А между тем он читал бумаги и узнавал из них много интересного и неожиданного. Вон как протянулась партизанская территория, дальние отряды стоят в восьмидесяти и в ста километрах от штаба, от Славкиной избушки, где он курит сейчас "козью ножку" и читает эти бумаги. В партизанском городе, в Дятькове, построены два бронепоезда, обороняют город. Оказывается, есть партизанский город. В тылу у немцев. Уже из пятисот населенных пунктов партизаны выгнали немцев. Работают скипидарные заводы на скипидаре ходят танки и машины партизанские, – кожевенные заводы, портняжные и сапожные мастерские. Даже колбаса есть партизанская.

Славка сглотнул слюну, захотелось есть. Он оторвался от чтения, походил немного по комнате, несмело заглянул в типографский отсек – ему хотелось еще и разговаривать. А тут и ездовой приехал, обед привез. Как замечательно, как счастливо складывался первый Славкин день в "Партизанской правде", складывалась новая Славкина жизнь.

7

Ему понравилось, что обедать садились за один стол, все вместе.

Александр Тимофеевич сгреб бумаги, положил их на свой топчан, и все стали усаживаться, пододвигали скамейки, табуретку из-под пишущей машинки, ставили железные миски, котелки. Разливала одна из Нюрок, та, что смеялась открыто, с вызовом, и платок повязывала шалашиком, а не так, как другая Нюрка, которая закрывала лоб до самых бровей, вроде монашки. Нюрка-монашка сидела, пригнув голову, улыбалась про себя, стеснительно, и часто прикрывала рот ладошкой или концом платка. Славка думал: это он внес перемену в Нюркино поведение, это его она стесняется, это он ей сразу понравился, может быть, она полюбила его с первого взгляда. Разве не может такого быть? Думать об этом нехорошо, конечно, но такое бывает. И Славка в ответ на Нюркину тайную любовь тайно же исполнился благодарной нежностью к ней. Он не знал, что Нюрка вообще была такой перед всеми, она перед всеми стеснялась и улыбалась стеснительно, а что было в ее голове, этого не знал никто, она сама не знала.

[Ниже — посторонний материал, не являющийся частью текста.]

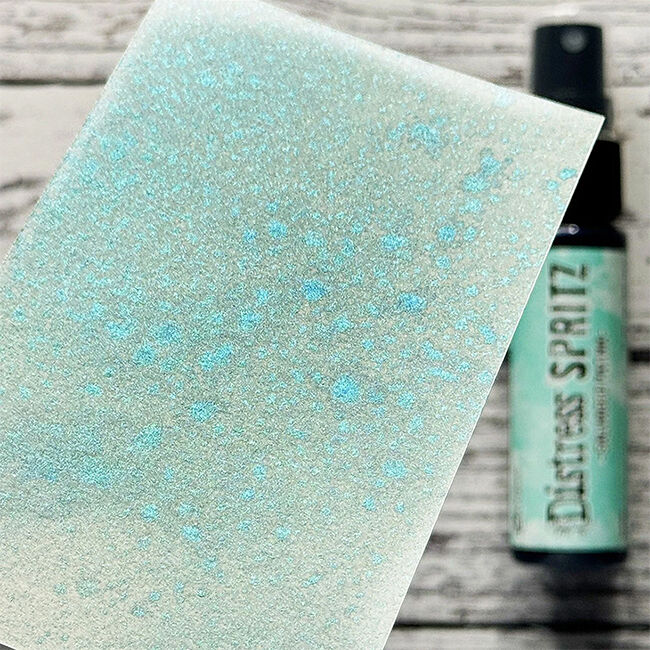 Distress Spritzit ovat helmiäispigmenttien sekoituksia kirkkaassa nestemäisessä pohjassa käytettäväksi huokoisilla pinnoilla, kuten paperilla, kankaalla, puulla ja muilla.

Нашлись для Славки и котелок, и ложка, хотя ложка у него своя была, он достал ее из-за голенища и положил на стол. Господи, как хорошо! Ничуть не похоже, что шла война. Нюрка-монашка сидела напротив, иногда украдкой поглядывала на Славку, краснела. Она была крупнее давних Славкиных одноклассниц и поэтому сначала показалась старше их, но, приглядевшись, Славка увидел, что она совсем еще юная. Лицо ее, окаймленное платком, где-то уже видано было на старинных картинках, глаза ее были синие, не из сплошной синевы, а из мелких синих кристалликов, мозаичные глаза. И жили они все время в тени ресниц. Не сразу все это разглядишь, а постепенно, такая у Нюрки красота. Вообще вся она открывалась постепенно. Под темным платьишком едва угадывались ее линии, чуть-чуть намечена была грудь, вся она как бы затаена, скрыта от дурного глаза, но... была. Зато другая Нюрка, что разливала сейчас по мискам и котелкам суп и поэтому металась туда-сюда по комнате, – вся сплошной вызов. Грудь задорно торчала под беленькой кофточкой, лезла, так сказать, в глаза, голос открытый, напористый, смех так смех, плач так плач – такая вот. На бегу она заигрывала с возчиком, который сидел у порога прямо на полу, ждал, когда освободится посуда. Ну, чего расселся, чего глаза пялишь, чего ноги подставляешь, вот супу налью за шиворот, и так далее. А возчик, совсем еще молодой мужик, старался зацепить Нюрку, задеть рукой или протянуть ногу, чтобы Нюрка споткнулась. От их игры было шумно. Печатник, Иван Алексеевич, старательно хлебал из котелка и, не отрываясь от этого дела, осаживал Нюрку.

– Не верещи, сорока, хоть бы ты, Николай, увез ее в свою хозчасть али б женился на ней.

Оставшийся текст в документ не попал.